* **WHAT TO PRODUCE**:
Output the data below exactly, images excluded.

====== DATA TO EXAMINE

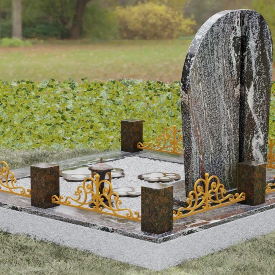 Данная модель предполагает целостное оформление места захоронения, превращая его в гармоничный архитектурный ансамбль. Основанием служит мощный гранитный цоколь, который не только обеспечивает устойчивость всей конструкции, но и четко очерчивает границы участка. По периметру установлены массивные каменные столбики, соединенные декоративным кованым ограждением, что создает атмосферу уединения и защищенности. В едином стиле с основным памятником выполнена надгробная плита и подставка, на которой размещаются дополнительные аксессуары: изящная каменная ваза для живых цветов и закрытая лампада из темного гранита, в которой будет теплиться огонек вечной памяти. Такое решение значительно упрощает уход за участком, сохраняя его аккуратный и достойный вид на долгие годы.
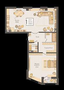 Общая площадь квартиры 129кв.м. ,витражное остекление,потолки 3,5м высотой,качественная предчистовая отделка.
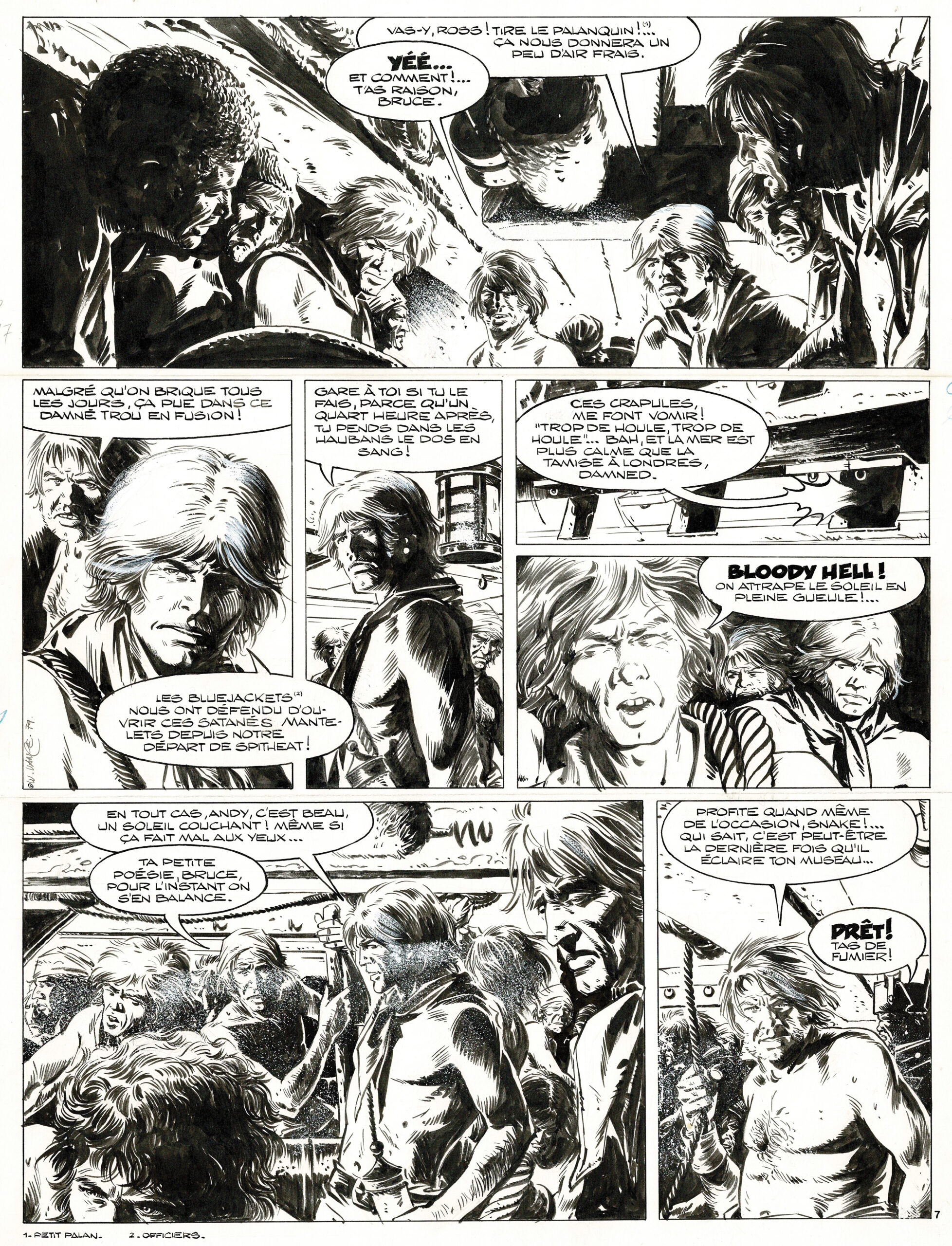 Bruce J. Hawker, L’orgie des damnés, planche originale à l’encre de chine pour cet album paru en 1986 au Lombard. Dimensions : 44,5 cm x 32,5 cm.
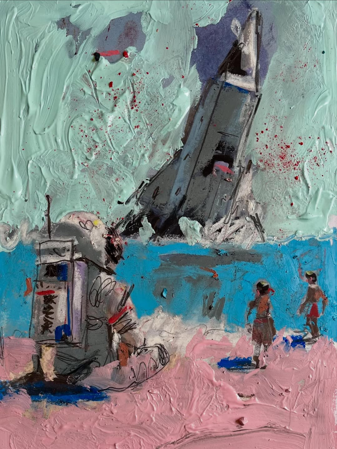 Μου ζητήθηκε από τη φίλη μου, την Christy, που είναι μια εκ των ιδιοκτητών του Φόlki, να εκθέσω ένα έργο μου για τον μήνα Σεπτέμβριο και ανταποκρίθηκα με χαρά. Το συγκεκριμένο έργο είναι λίγο διαφορετικό σε σχέση με όσα φτιάχνω το τελευταίο διάστημα και ήταν μια ωραία αφορμή να παρουσιαστεί σε ένα χώρο εκτός ατελιέ.
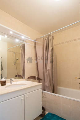 Cet appartement est équipé d'une salle de bain agréable. Cette salle d'eau bénéficie du nécessaire pour votre bien-être au quotidien : serviettes de bain, baignoire, sèche cheveux, lavabo, radiateur sèche-serviettes, tapis. Les toilettes sont séparées de la salle de bain et situées dans une pièce indépendante.
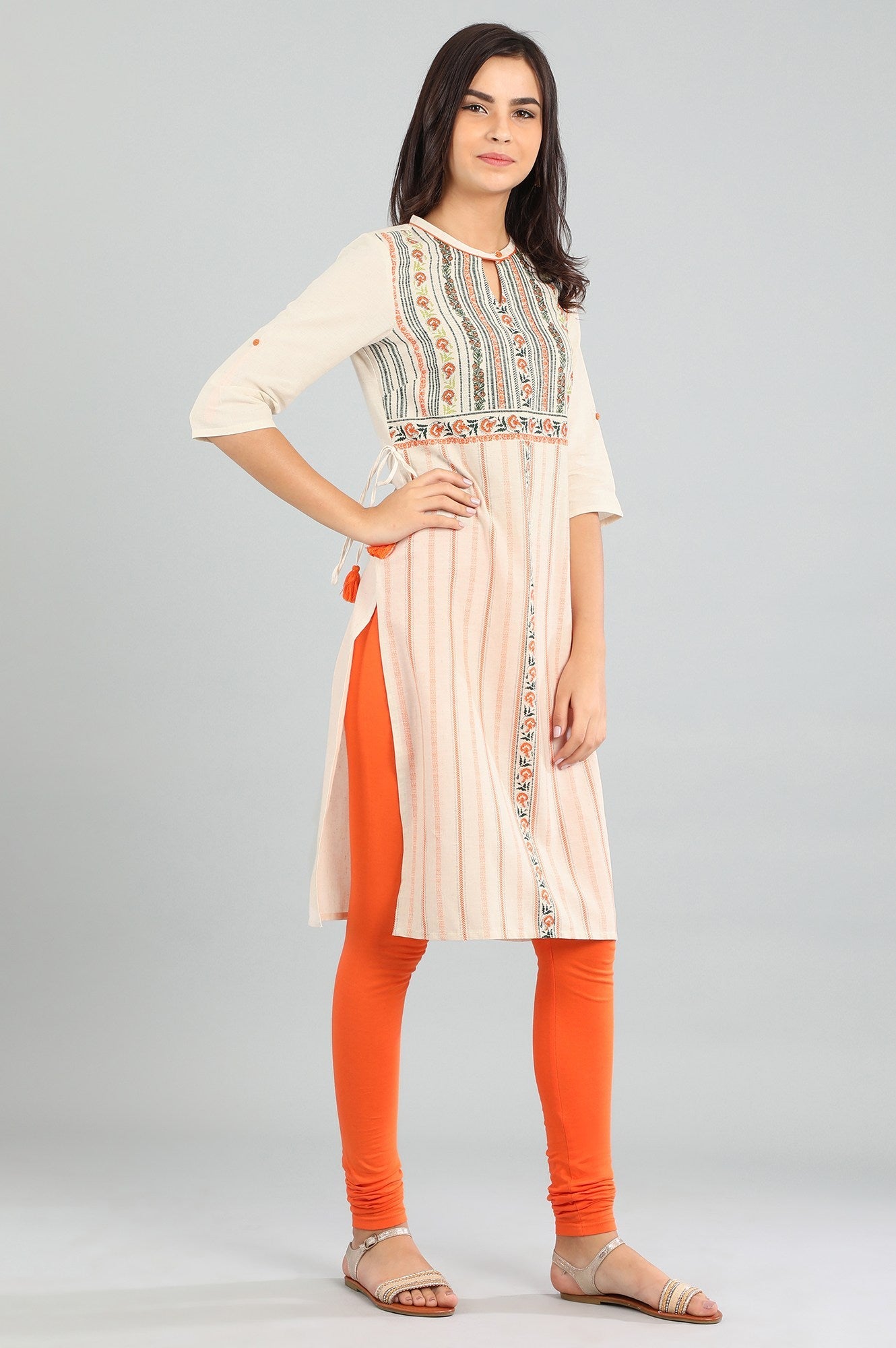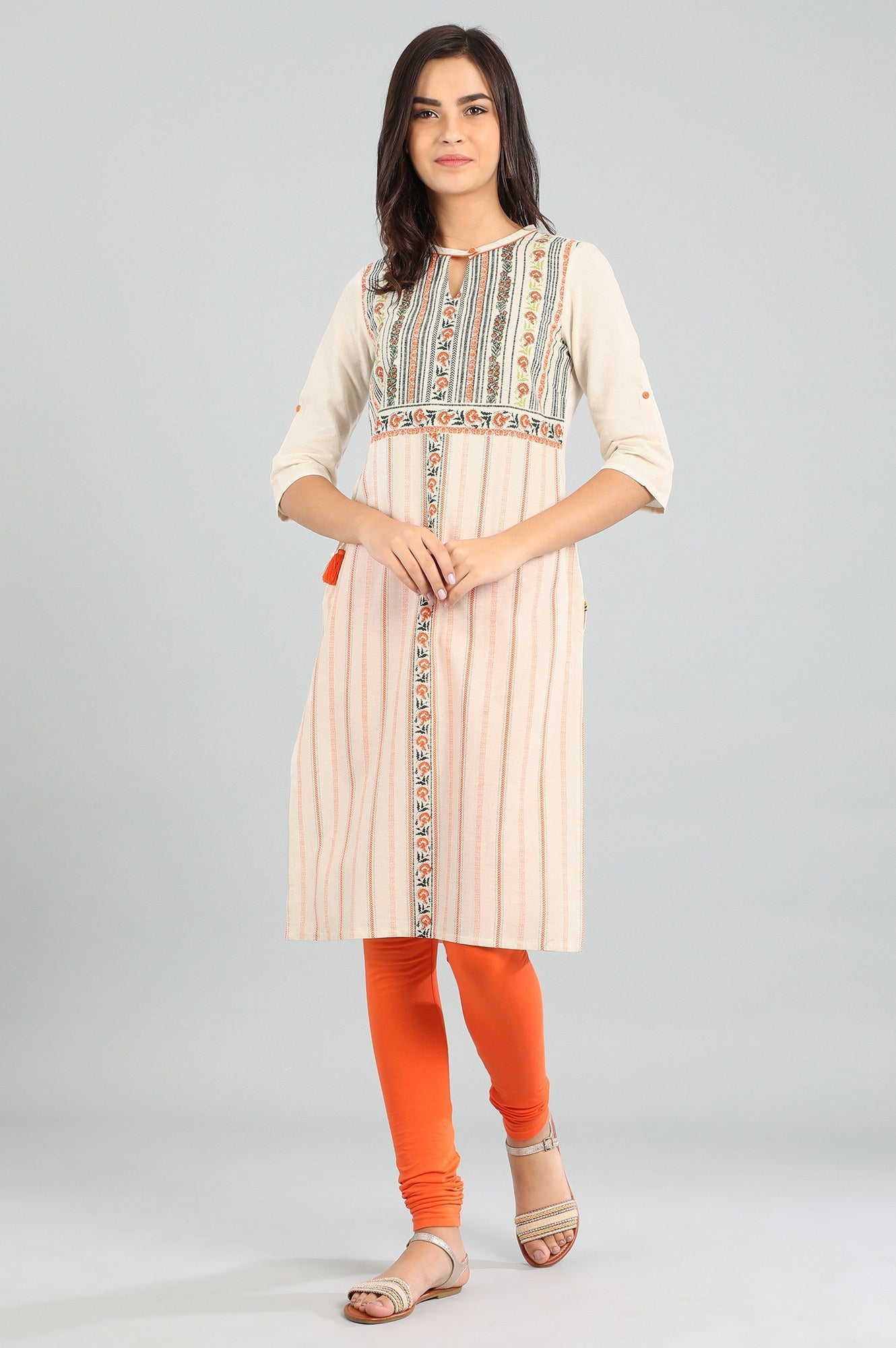 Ecru band collar 3/4 sleeve kurta with contrast printed detail, tie-up at one side and v-slit neckline. It is made up of cotton flax.

============

* **ANSWER FOR THIS EXERCISE**:
 Данная модель предполагает целостное оформление места захоронения, превращая его в гармоничный архитектурный ансамбль. Основанием служит мощный гранитный цоколь, который не только обеспечивает устойчивость всей конструкции, но и четко очерчивает границы участка. По периметру установлены массивные каменные столбики, соединенные декоративным кованым ограждением, что создает атмосферу уединения и защищенности. В едином стиле с основным памятником выполнена надгробная плита и подставка, на которой размещаются дополнительные аксессуары: изящная каменная ваза для живых цветов и закрытая лампада из темного гранита, в которой будет теплиться огонек вечной памяти. Такое решение значительно упрощает уход за участком, сохраняя его аккуратный и достойный вид на долгие годы.
 Общая площадь квартиры 129кв.м. ,витражное остекление,потолки 3,5м высотой,качественная предчистовая отделка.
 Bruce J. Hawker, L’orgie des damnés, planche originale à l’encre de chine pour cet album paru en 1986 au Lombard. Dimensions : 44,5 cm x 32,5 cm.
 Μου ζητήθηκε από τη φίλη μου, την Christy, που είναι μια εκ των ιδιοκτητών του Φόlki, να εκθέσω ένα έργο μου για τον μήνα Σεπτέμβριο και ανταποκρίθηκα με χαρά. Το συγκεκριμένο έργο είναι λίγο διαφορετικό σε σχέση με όσα φτιάχνω το τελευταίο διάστημα και ήταν μια ωραία αφορμή να παρουσιαστεί σε ένα χώρο εκτός ατελιέ.
 Cet appartement est équipé d'une salle de bain agréable. Cette salle d'eau bénéficie du nécessaire pour votre bien-être au quotidien : serviettes de bain, baignoire, sèche cheveux, lavabo, radiateur sèche-serviettes, tapis. Les toilettes sont séparées de la salle de bain et situées dans une pièce indépendante.
 Ecru band collar 3/4 sleeve kurta with contrast printed detail, tie-up at one side and v-slit neckline. It is made up of cotton flax.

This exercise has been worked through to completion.